Search code examples
sqlpostgresqlgroup-bywindow-functions

Group by with WIndows Function- Postgresql


I know, there is no point using Group by here. But I was experimenting something & getting an error saying column cost should be in group by or used in an aggregate function. I want to understand what's going on internally and why the logic is incorrect. Let's say I have a table :

name | date | category | cost,   
jill  | 2019-04-01 | pen | 10 , 
jill  | 2019-04-01 | pen | 40 , 
jill  | 2019-04-01 | coat | 20 , 
Farida | 2019-03-01 | coat | 25,
Farida | 2019-03-02 | coat | 15

Writing the code as :

select
     first_name, cast(o_date as date), sum(cost) over(partition by first_name) as tot 
from tab1
group by 
        1,2;

According to the query, first group by will be executed which will give:

Jill | 2019-04-01
Farida | 2019-03-01
Farida | 2019-03-02

and then we are squashing the rows by taking sum of cost column but for every partition of first_name.
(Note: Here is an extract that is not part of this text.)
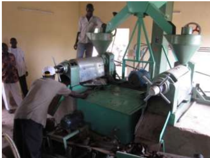
Figure 15 Oil pressing in Mali.

Availability of dealers and spare parts within the regions is important too. Based on all the above considerations the following presses were identified as good options: the Sayari expeller or the 6YL-80; the 6YL-95 and 6YL-125 (DoubleElephants). For both Mozambique and Mali a Sayari press was bought as well as Double elephant presses.

I am expecting the output as

Jill | 2019-04-1 | 50
Farida | 2019-03-01 | 60
Farida | 2019-03-02 |60

The code is working fine without group by clause(which I already know how to do it). Why can't we use group by here? Please tell what causing the code to be incorrect?


Solution

  • A sum() followed by an OVER clause is not an aggregation function though it has the same name as one.

    That follows that cost, in your query, is neither an argument to an aggregation function nor in the GROUP BY clause.

    But you can use a window (not "windows" by the way) function on the result of an aggregation function.

    So the following is allowed. sum() is used as an aggregation function on cost first, and then the window function sum() is used on that.

    SELECT first_name,
           cast(o_date AS date),
           sum(sum(cost)) OVER (PARTITION BY first_name) AS tot 
           FROM tab1
           GROUP BY first_name,
                    cast(o_date AS date);
    

    And as a side note: I recommend against using column ordinals in GROUP BY clauses. That's too easy to mess up. Prefer to use the column expressions instead.